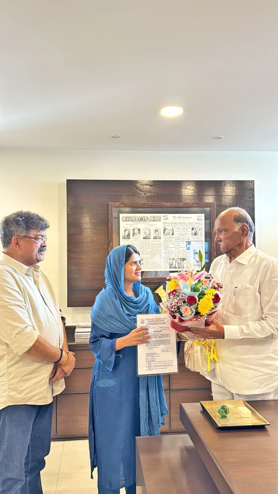 मर्झिया शानू पठाण या गेल्या काही वर्षांपासून सबंध ठाणे शहरात लढाऊ कार्यकर्त्या म्हणून परिचित आहेत. पाणी, कचरा, आरोग्य, महिला अत्याचार आदी प्रश्नांवर त्या सातत्यपूर्ण लढा उभारत आल्या आहेत. मधल्या काळात त्यांनी केलेल्या आंदोलनामुळे मुंब्रा आणि ठाणे शहरातील अनेक समस्यांचा निपटारा झाला होता. उच्चशिक्षित असलेल्या मर्झिया पठाण यांनी विद्यार्थ्यांचे प्रश्न घेऊन शासनाशी संघर्ष करीत आहेतच; शिवाय, विद्यार्थी आणि तरूणांमध्ये संविधानाप्रति जनजागृती करण्यासाठी विविध कार्यक्रमही आयोजित केले आहेत. त्यांच्या कामाची दखल घेऊन डाॅ.जितेंद्र आव्हाड यांच्या पुढाकारातून राष्ट्रवादी विद्यार्थी काँग्रेस पक्ष-शरदचंद्र पवार चे राष्ट्रीय अध्यक्ष राजीवकुमार झा यांनी मर्झिया पठाण यांची कार्याध्यक्षपदी नियुक्ती केली. आज शरद पवार आणि डाॅ.जितेंद्र आव्हाड यांच्या हस्ते पठाण यांना नियुक्तीपत्र दिले. दरम्यान, यावेळेस मुंब्रा, कौसा, ठाणे , आदी भागातील अनेक तरूणांनी राष्ट्रवादी काँग्रेस- शरदचंद्र पवार पक्षामध्ये प्रवेश केला.
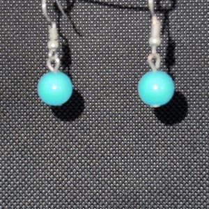 0 savesLight Blue Sphere Dangle Earrings on silver wire & hooks.
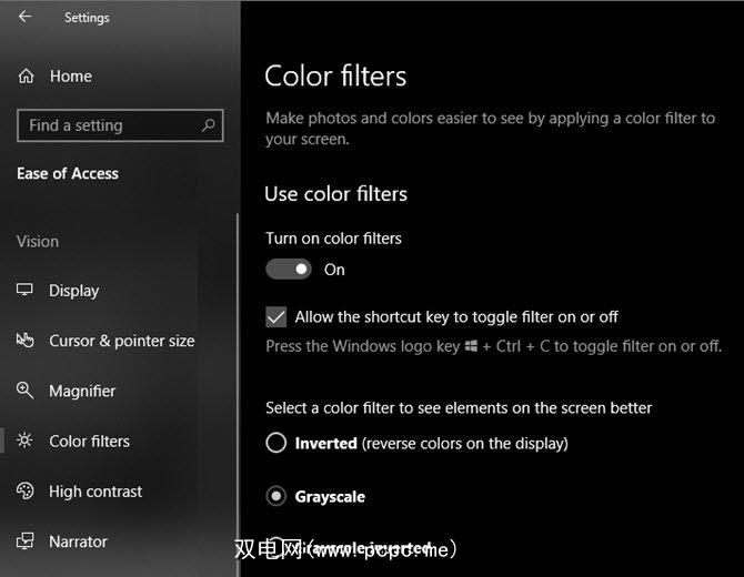 要在Windows中执行此操作,请跳至设置>易于访问>滤色器。启用打开滤色器滑块,然后您需要在下面选择一个滤色器。默认值为倒置;将其切换为灰度。

WHAT THE EXERCISE ASKS:
If pictures appear, drop them, and retype exactly the lines from the "0 savesLight Blue" line through the last line of the data above.

SOLUTION FOR THIS TASK:
 0 savesLight Blue Sphere Dangle Earrings on silver wire & hooks.
 要在Windows中执行此操作,请跳至设置>易于访问>滤色器。启用打开滤色器滑块,然后您需要在下面选择一个滤色器。默认值为倒置;将其切换为灰度。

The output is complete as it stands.